What you should do - Below is a listing; print exactly its lines from the one containing "How do honey" down to the one containing "Bei Handyvertrag.de, einer", both inclusive, with every picture left out.

[Opening Given information section]

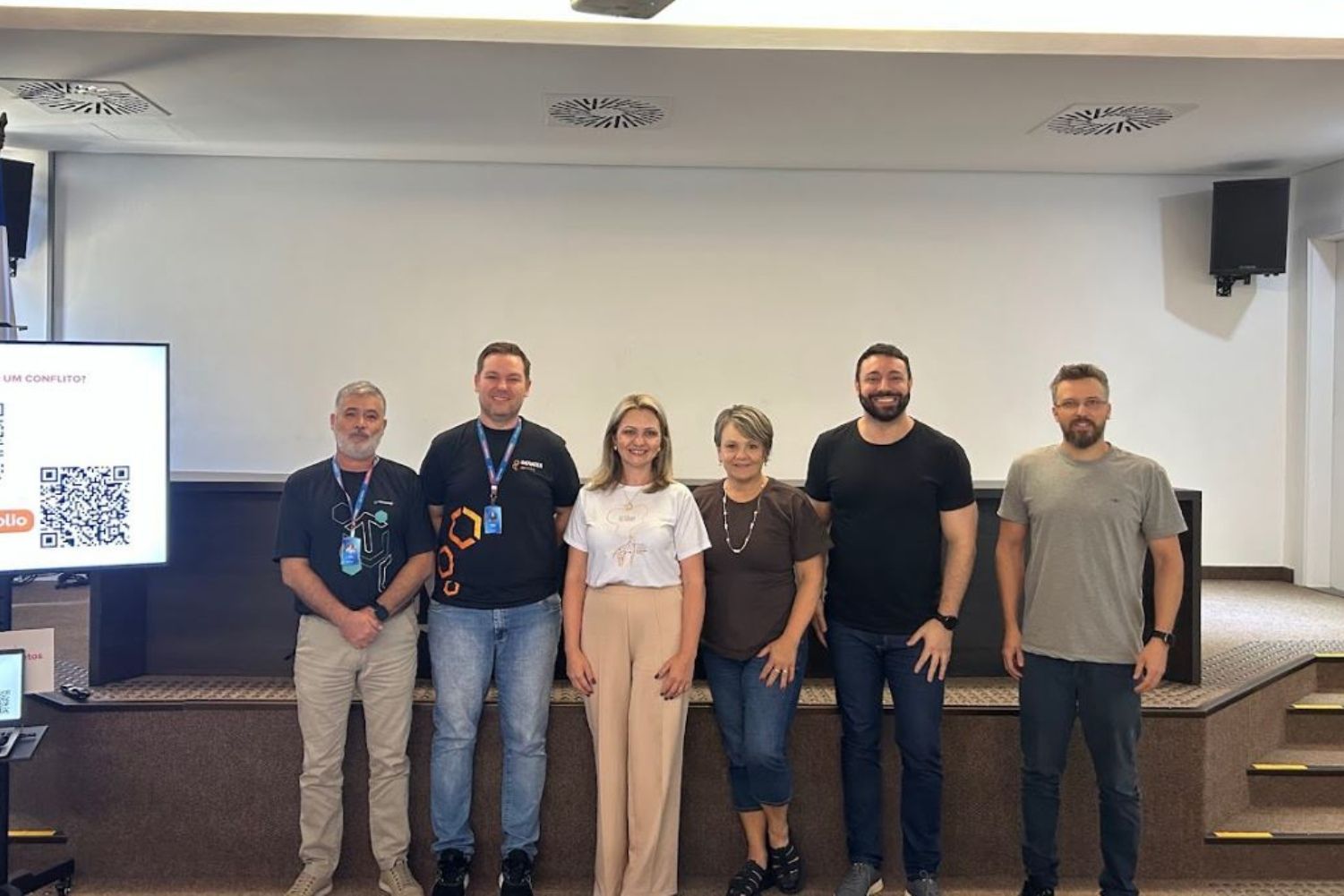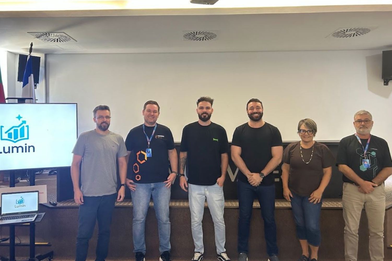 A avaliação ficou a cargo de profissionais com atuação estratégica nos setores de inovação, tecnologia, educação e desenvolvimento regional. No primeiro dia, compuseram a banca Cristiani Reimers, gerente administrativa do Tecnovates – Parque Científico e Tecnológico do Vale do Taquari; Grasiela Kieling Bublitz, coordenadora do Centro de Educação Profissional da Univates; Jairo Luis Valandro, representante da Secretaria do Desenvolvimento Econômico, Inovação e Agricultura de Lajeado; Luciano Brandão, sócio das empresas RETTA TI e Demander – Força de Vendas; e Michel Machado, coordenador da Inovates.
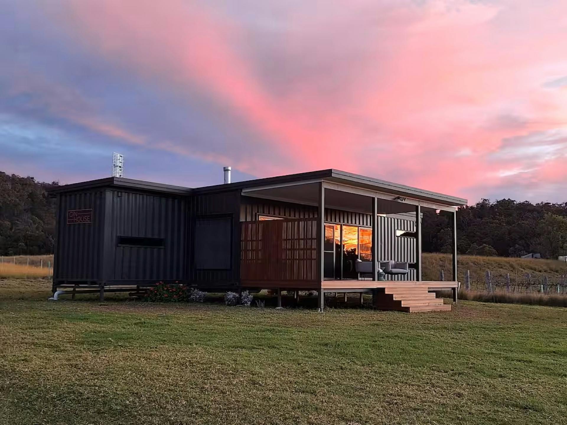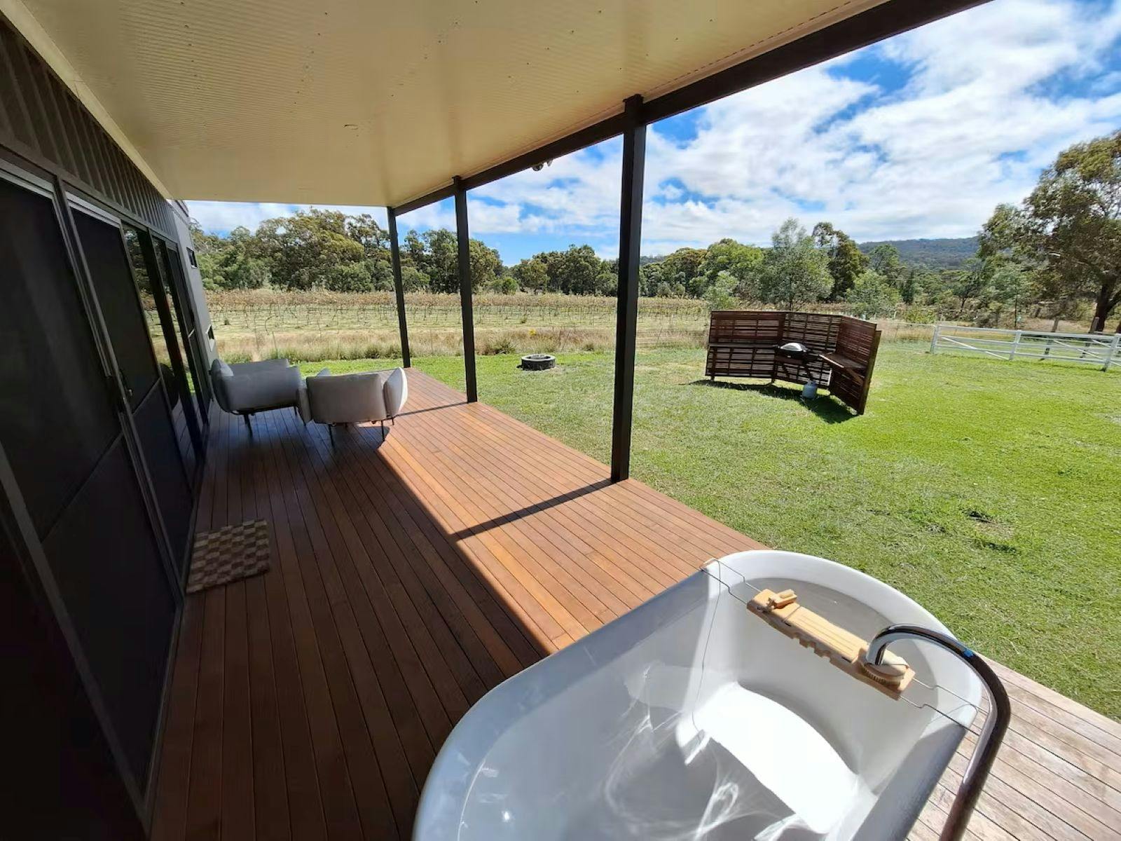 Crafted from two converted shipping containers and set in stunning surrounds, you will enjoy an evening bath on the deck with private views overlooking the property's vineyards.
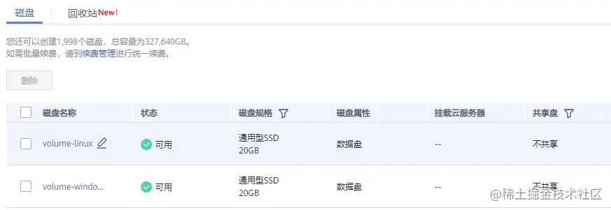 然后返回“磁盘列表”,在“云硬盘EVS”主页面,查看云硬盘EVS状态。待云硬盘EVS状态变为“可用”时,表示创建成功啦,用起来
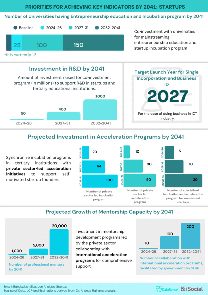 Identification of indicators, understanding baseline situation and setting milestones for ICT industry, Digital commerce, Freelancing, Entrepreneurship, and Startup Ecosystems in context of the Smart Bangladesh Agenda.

[Closing Given information section]
[Opening Given information section]

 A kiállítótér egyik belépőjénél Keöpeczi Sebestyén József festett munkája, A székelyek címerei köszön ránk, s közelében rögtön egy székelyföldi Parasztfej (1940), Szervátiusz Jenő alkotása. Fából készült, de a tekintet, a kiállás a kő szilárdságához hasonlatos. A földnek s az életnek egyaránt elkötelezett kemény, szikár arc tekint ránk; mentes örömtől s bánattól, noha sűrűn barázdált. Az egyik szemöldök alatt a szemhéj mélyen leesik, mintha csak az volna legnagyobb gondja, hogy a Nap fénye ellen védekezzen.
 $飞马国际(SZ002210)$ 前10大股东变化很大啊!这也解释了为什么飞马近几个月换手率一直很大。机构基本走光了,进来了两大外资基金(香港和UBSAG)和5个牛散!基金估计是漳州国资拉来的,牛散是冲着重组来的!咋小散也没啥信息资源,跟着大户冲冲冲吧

[Closing Given information section]
[Opening Given information section]

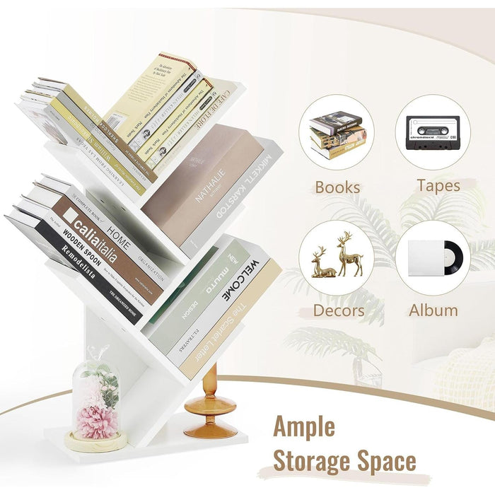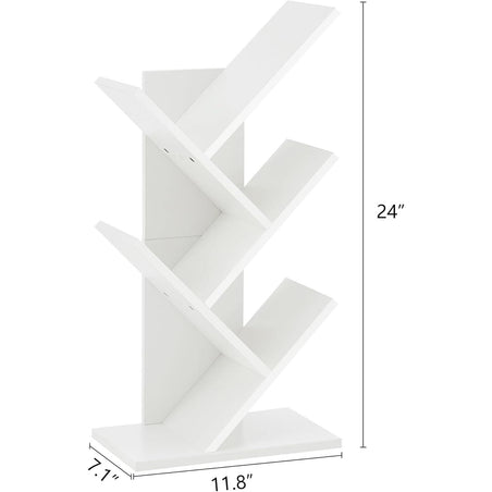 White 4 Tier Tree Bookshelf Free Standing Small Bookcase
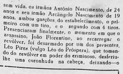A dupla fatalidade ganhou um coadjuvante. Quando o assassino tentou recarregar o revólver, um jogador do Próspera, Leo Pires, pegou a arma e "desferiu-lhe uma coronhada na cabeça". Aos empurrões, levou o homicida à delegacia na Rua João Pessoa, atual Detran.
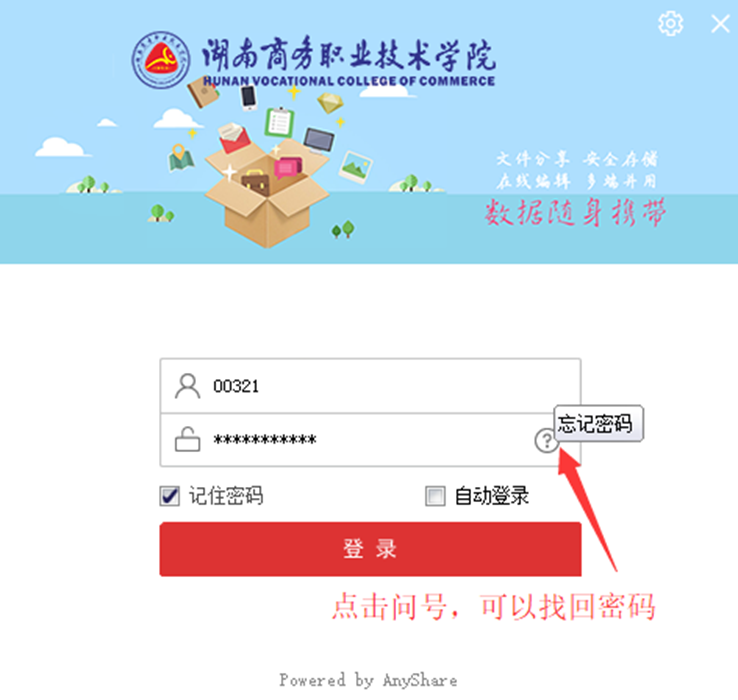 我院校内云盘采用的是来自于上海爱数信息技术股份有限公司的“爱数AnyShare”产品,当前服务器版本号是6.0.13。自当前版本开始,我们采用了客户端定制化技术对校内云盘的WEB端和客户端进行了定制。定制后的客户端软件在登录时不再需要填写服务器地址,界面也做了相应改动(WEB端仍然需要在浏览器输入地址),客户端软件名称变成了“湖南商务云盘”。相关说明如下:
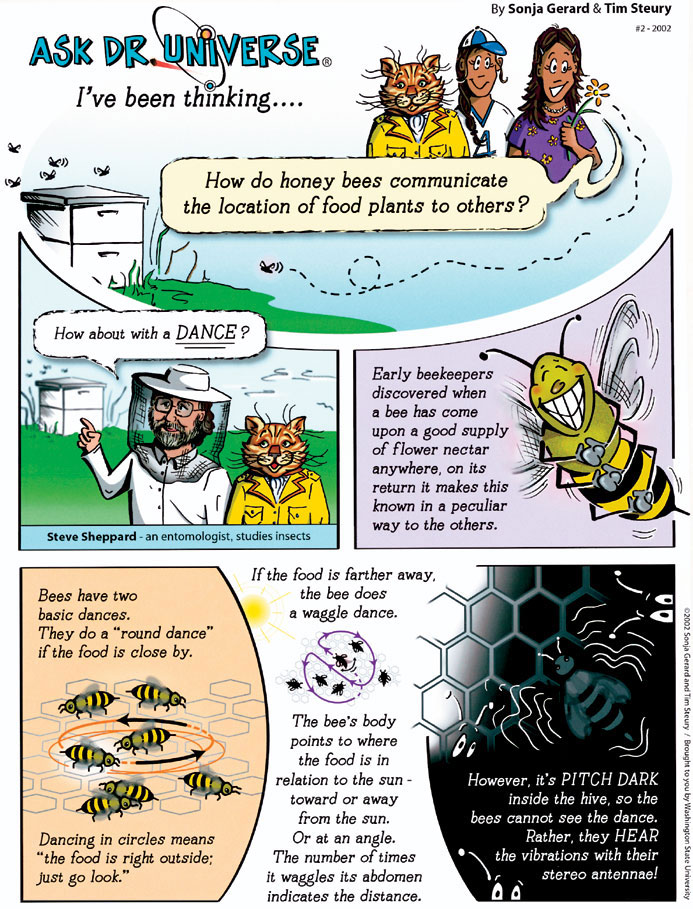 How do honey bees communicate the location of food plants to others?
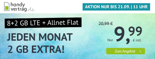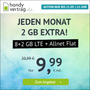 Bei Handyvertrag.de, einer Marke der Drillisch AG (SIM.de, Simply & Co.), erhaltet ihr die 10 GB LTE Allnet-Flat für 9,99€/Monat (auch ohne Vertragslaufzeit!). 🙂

[Closing Given information section]

Response to the exercise -
 How do honey bees communicate the location of food plants to others?
 Bei Handyvertrag.de, einer Marke der Drillisch AG (SIM.de, Simply & Co.), erhaltet ihr die 10 GB LTE Allnet-Flat für 9,99€/Monat (auch ohne Vertragslaufzeit!). 🙂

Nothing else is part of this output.